INSTRUCTIONS TO FOLLOW :: Extract exactly and only the lines from the one containing "I’m so happy" through the end of the entries below. Pictures should not appear in the copy.

[MATERIAL SUPPLIED Boundary: Start]

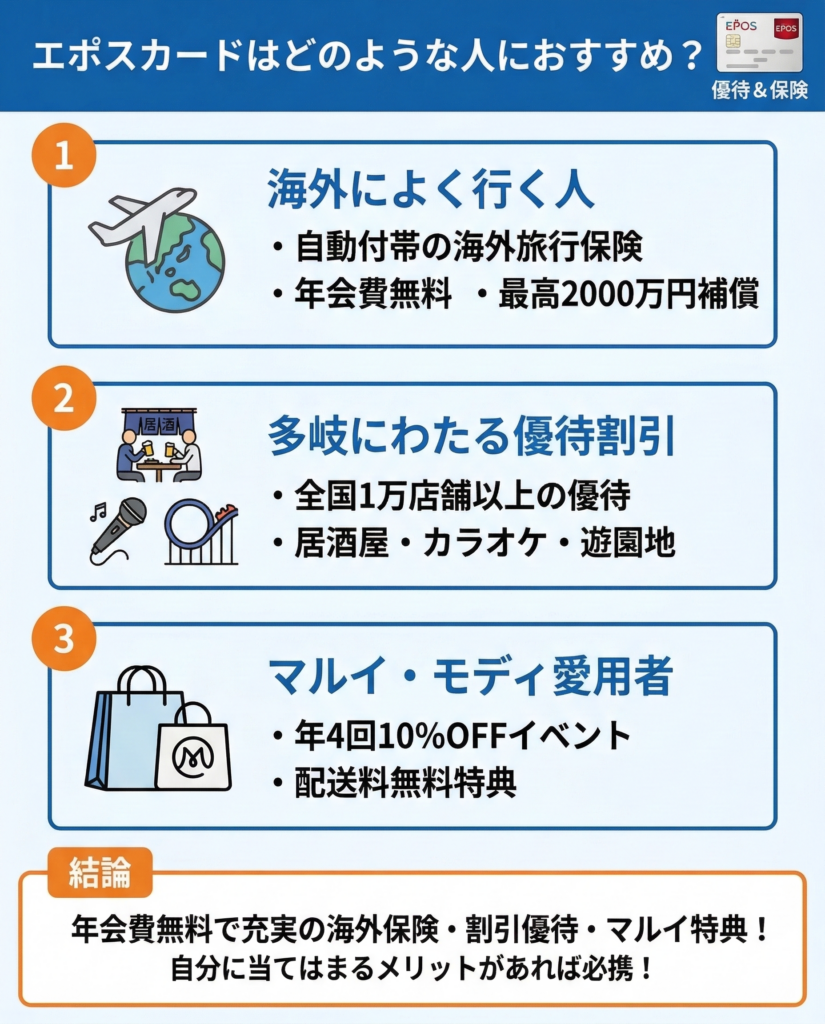 エポスカードでは海外旅行傷害保険など、海外旅行向けのサービスが付帯しています。しかし、国内利用が中心の人や、そもそも旅行に行かない人にはこれらの特典を利用する機会が少ないでしょう。
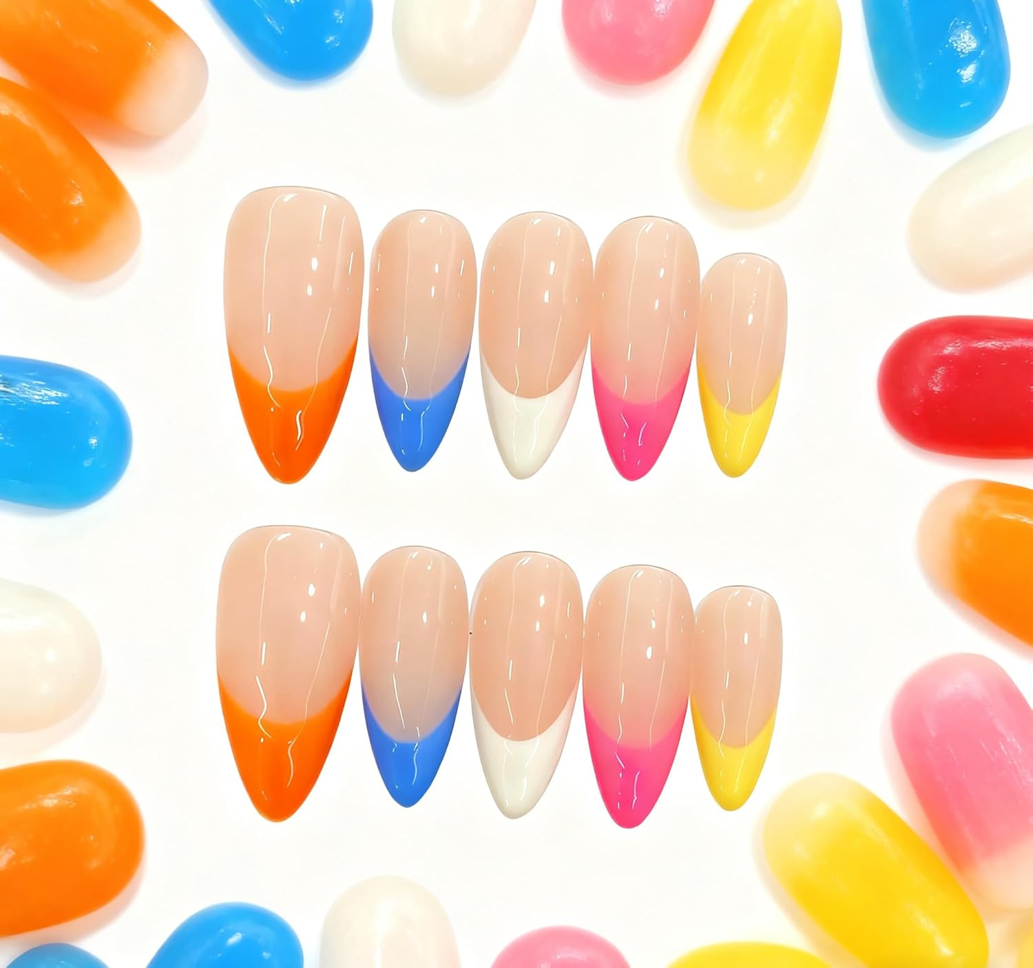 Colorful French Tip Press on Nails Medium Almond Fake Nails Nude Sheer False Nails with Designs Glossy Acrylic Stick on Nails for Women (Creamy Heart French, M)
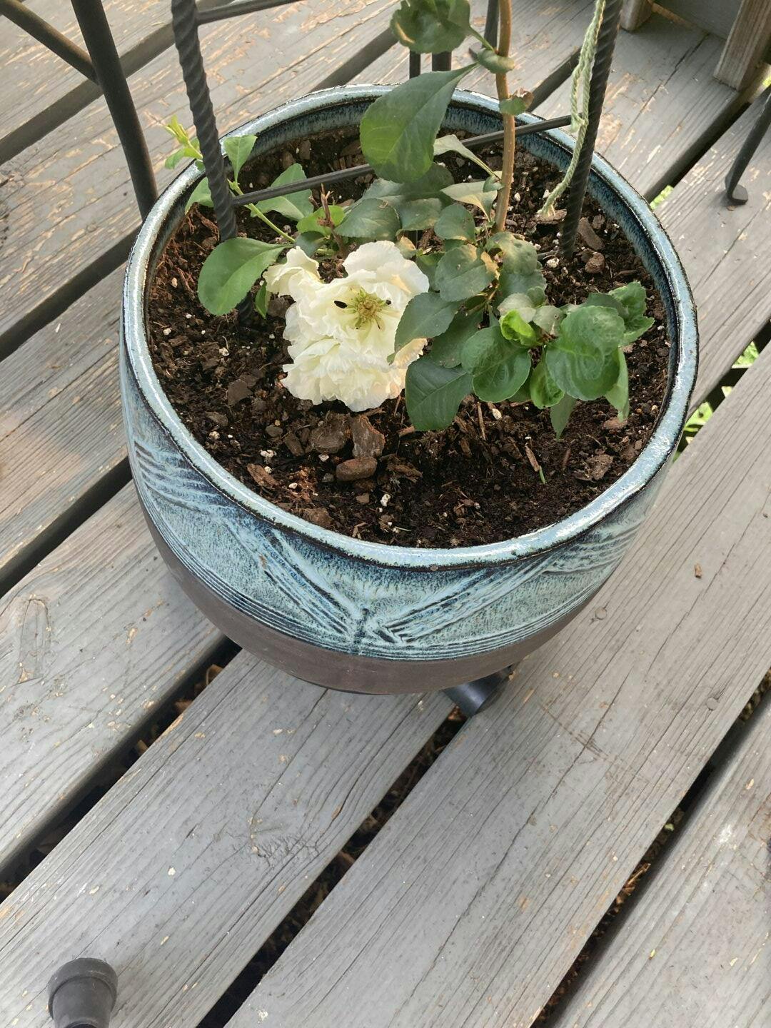 I’m so happy with my quince! I already have 3 blooms near the bottom and they resemble a rose. A beautiful white…it’s very healthy and thriving. I put it in a pot until I can transplant it in the fall.
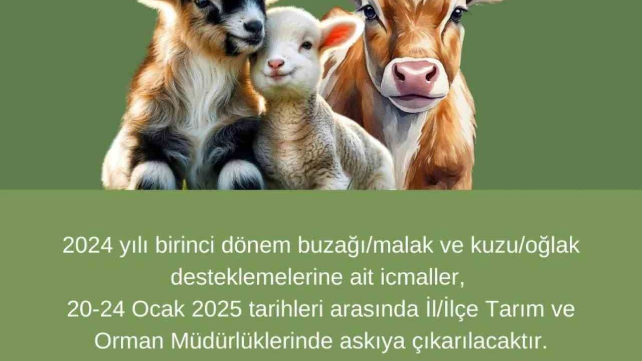 Konuyla ilgili Aydın İl Tarım ve Orman Müdürlüğü’nden yapılan açıklamada, "2024 yılı birinci dönem buzağı/malak ve kuzu/oğlak desteklemelerine ait icmaller 20 - 24 Ocak 2025 tarihleri arasında İl/İlçe Tarım ve Orman Müdürlüklerinde askıya çıkarılacaktır. Askı listelerinde, kendinize ait destekleme bilgilerini mutlaka kontrol ediniz ve varsa hataları düzelttirmeyi unutmayınız" ifadelerine yer verildi.
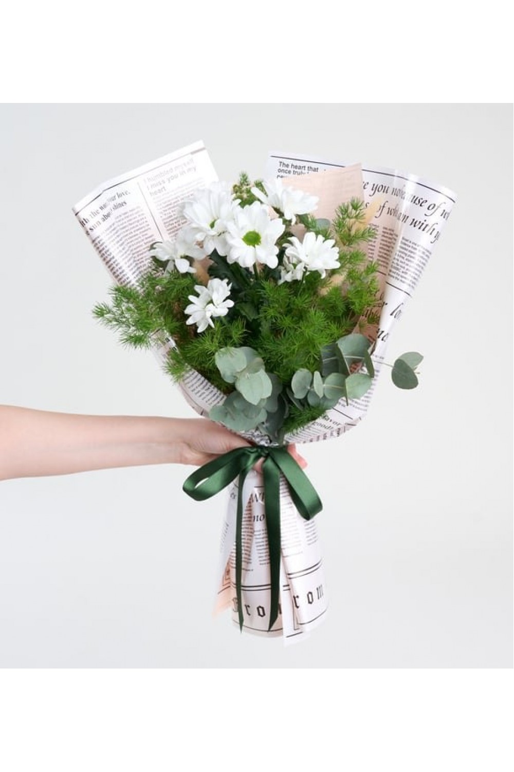 Ürün İsmi: Pembe Gazete Kağıdı Bukette Beyaz Papatyalar

[MATERIAL SUPPLIED Boundary: End]

WORKED SOLUTION ::
 I’m so happy with my quince! I already have 3 blooms near the bottom and they resemble a rose. A beautiful white…it’s very healthy and thriving. I put it in a pot until I can transplant it in the fall.
 Konuyla ilgili Aydın İl Tarım ve Orman Müdürlüğü’nden yapılan açıklamada, "2024 yılı birinci dönem buzağı/malak ve kuzu/oğlak desteklemelerine ait icmaller 20 - 24 Ocak 2025 tarihleri arasında İl/İlçe Tarım ve Orman Müdürlüklerinde askıya çıkarılacaktır. Askı listelerinde, kendinize ait destekleme bilgilerini mutlaka kontrol ediniz ve varsa hataları düzelttirmeyi unutmayınız" ifadelerine yer verildi.
 Ürün İsmi: Pembe Gazete Kağıdı Bukette Beyaz Papatyalar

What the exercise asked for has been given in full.